Thursday, May 3, 2018

[Review] Mary and the Witch's Flower

From director Hiromasa Yonebayashi, Mary and the Witch's Flower is a delightfully animated fantasy adventure that bursts and flourishes with wonder and bemusement.

Mary lives in the country with her sweet great-aunt Charlotte. It's a nice life, but she's simply bored -- itching for something, anything exciting to happen. One day she follows a mysterious cat into the forest where she finds a rare plant nicknamed "The Witch's Flower" and an old broomstick with strange powers. Then, she's abruptly whisked away to a hidden school of magic.

It's a curious, intriguing, and transportive tale -- especially as Mary continues to confront her bewilderment and discover the secrets of this newfound world -- where campuses in the sky, talking mammal professors, exotic creatures, flying carpets, and magical spells and potions exist. Full of weather and wildlife, the animation style is crisp and fruitful with vivid and earthy colors -- embracing nature and relishing in everything that grows. It's all so immaculately detailed -- from the moss on trees to the fog in the atmosphere to the bricks in the buildings.

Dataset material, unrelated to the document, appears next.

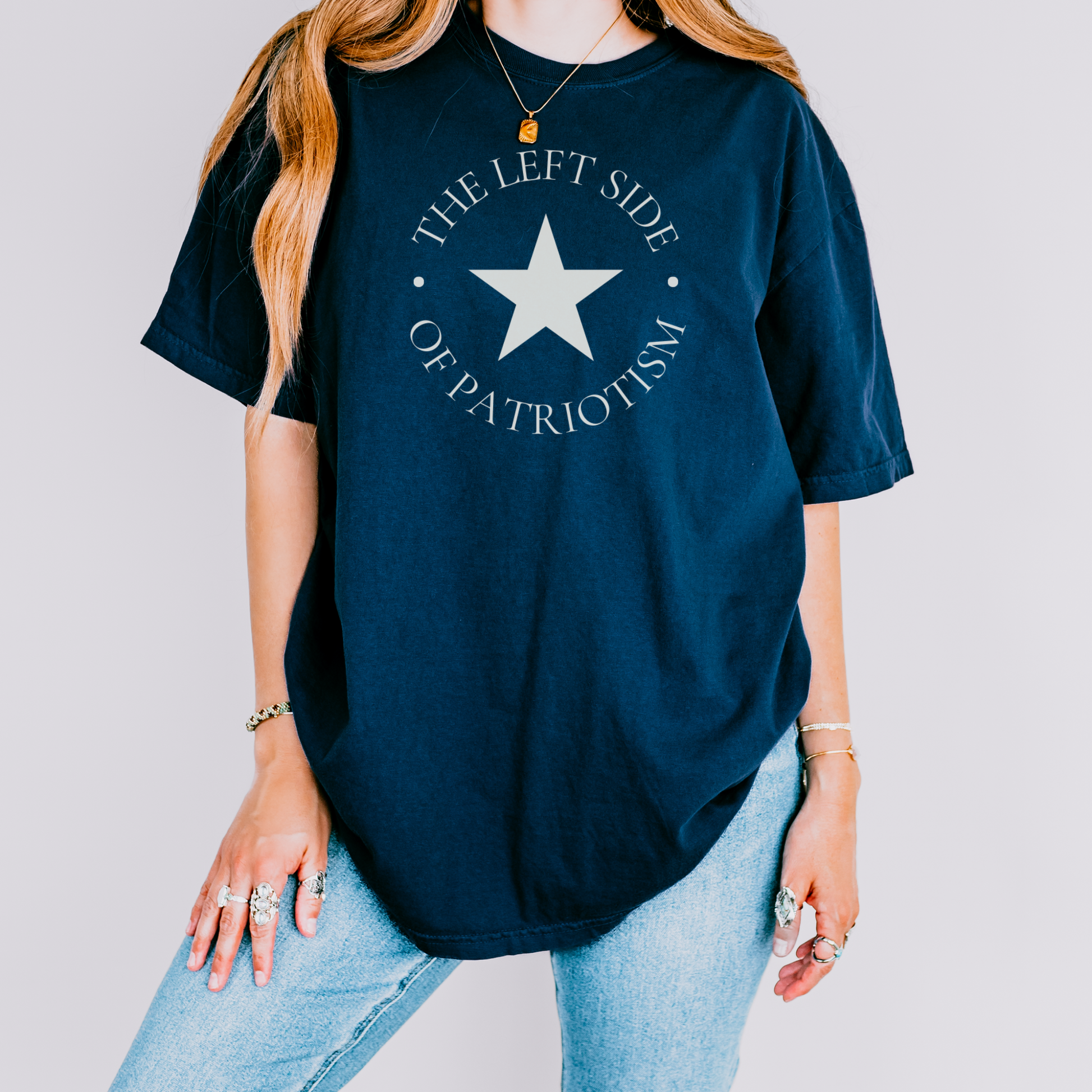 The left side of patriotism is rooted in democracy, equality, and belonging. This shirt represents a love of country that embraces progress and includes everyone in the promise of America.

If this premise all sounds very Alice in Wonderland and Harry Potter-esque, that's because it is (the film is actually based on a 1971 book by Mary Stewart called The Little Broomstick, though). And much like these aforementioned stories, Mary begins to find out that this magical place also houses some dark secrets and questionable leadership, and she must take it upon herself to get to the bottom of it.

During the last act, things get a bit convoluted and chaotic, and there isn't a huge emotional payoff that you might be hoping for. But overall, Mary and the Witch's Flower is a cool little journey.